Amir Yusuf Pohan

Personal information
- Date of birth: 14 September 1971 (age 55)
- Place of birth: Indonesia
- Position: Midfielder

Senior career*
- Years: Team / Apps / (Gls)
- 1994–1995: Medan Jaya / 12 / (4)
- 1995–2000: PKT Bontang / 63 / (20)
- 2001–2002: PS Barito Putera / 25 / (3)
- 2003–2004: PSPS Pekanbaru
- 2005: Persiba Balikpapan
- 2006: Persibom Bolaang Mongondow

International career
- 2002–2004: Indonesia / 6 / (0)

= Amir Yusuf Pohan =

Indonesian footballer

Amir Yusuf Pohan is an Indonesian football midfielder who played for Indonesia at the 2002 AFF Championship.
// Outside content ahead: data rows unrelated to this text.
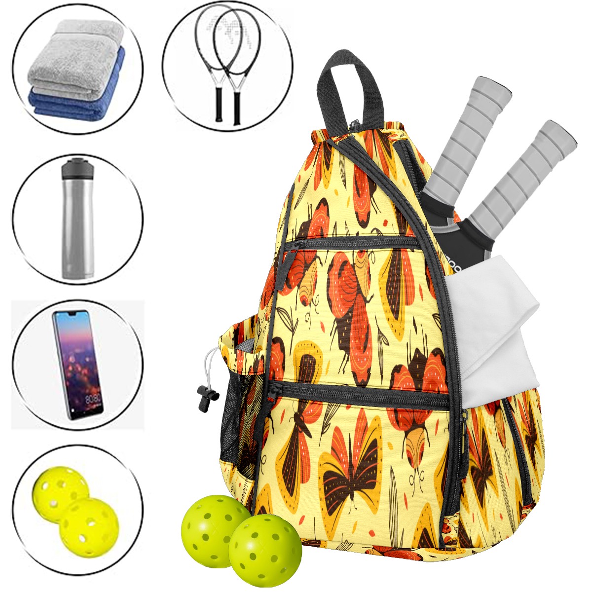 Multifunctional Pickleball Bag,Large Capacity Sports Pickleball Racket Bag, Water Bottle Holder and Fence Hook,Suitable for Both Men Women -Insects Flowers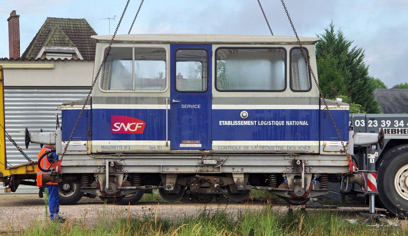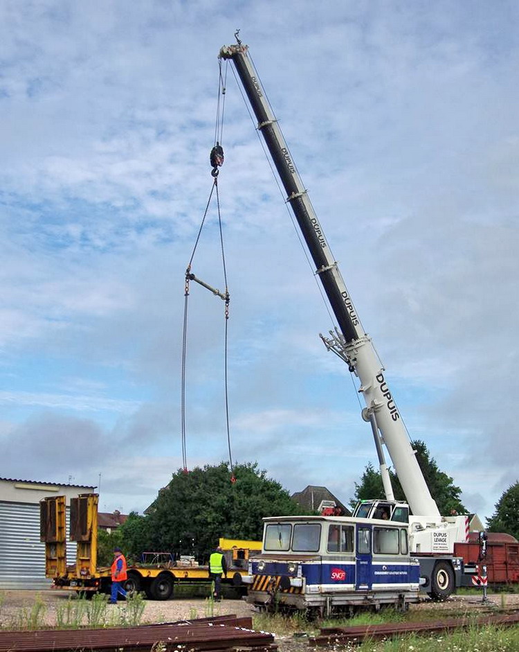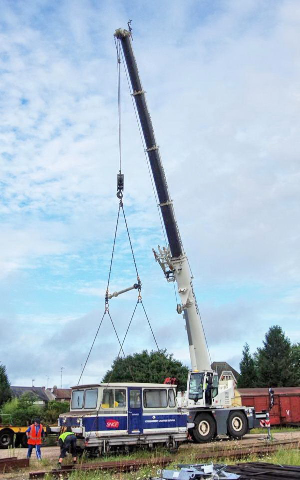 la Mauzinette n° 3, à Tergnier, c'est assez exigu pour mettre le camion sur la voie... et la grue du camion n'a pas la capacité de sécurité pour le levage de la draisinette...
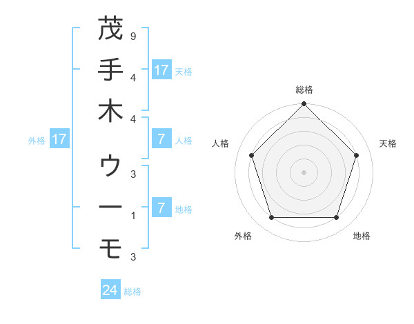 茂手木 ウーモさんを姓名の画数から五運を鑑定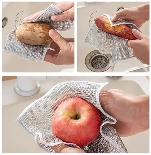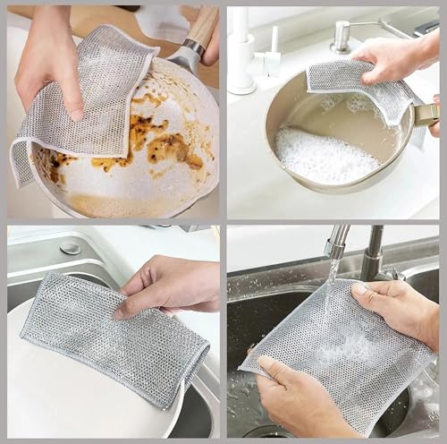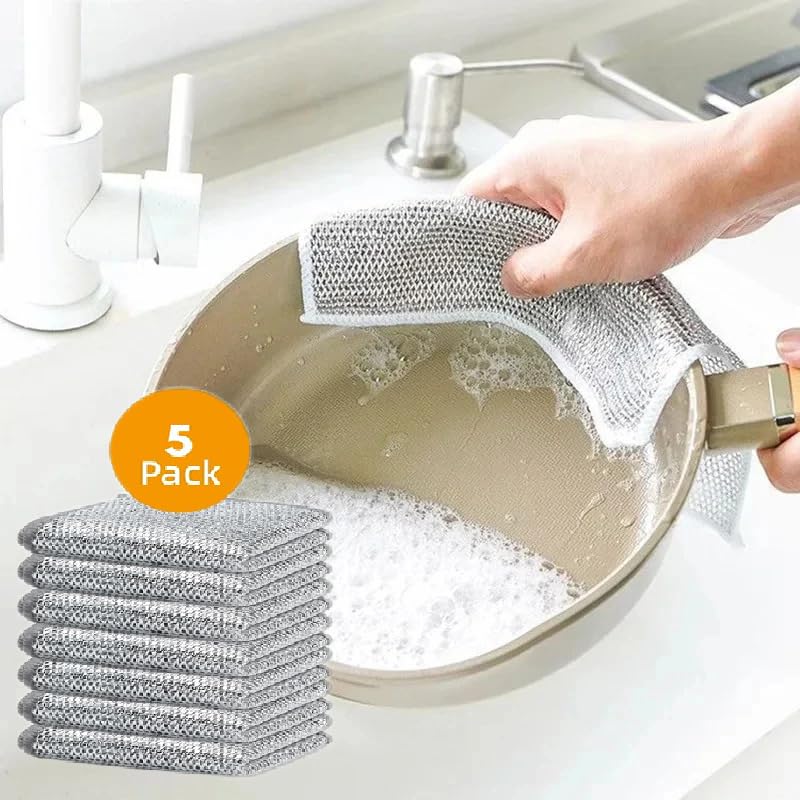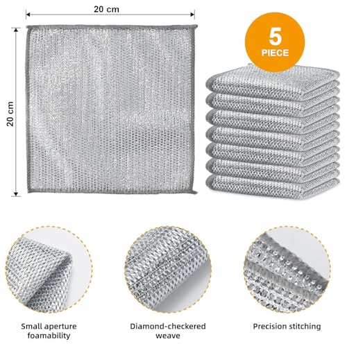 GLUN - فوطة تنظيف الأطباق السلكية مقاس 20 سم × 20 سم، عبوة من 5 قطع متعددة الأغراض غير قابلة للخدش للاستخدام الرطب والجاف، تنظف وتنظف الأطباق وسطح الموقد والبلاط من جلون®

He also played for Medan Jaya, PKT Bontang, PS Barito Putera, PSPS Pekanbaru, Persiba Balikpapan and Persibom Bolaang Mongondow.

==Honours==
Indonesia
- AFF Championship runner-up: 2002

==Career==
He scored 17 goals for PKT Bontang in the 1994 season, being in the top ten in the league.

In his post-playing career, he has worked as an assistant coach for Martapura FC. He is also associated with Mandailing FC.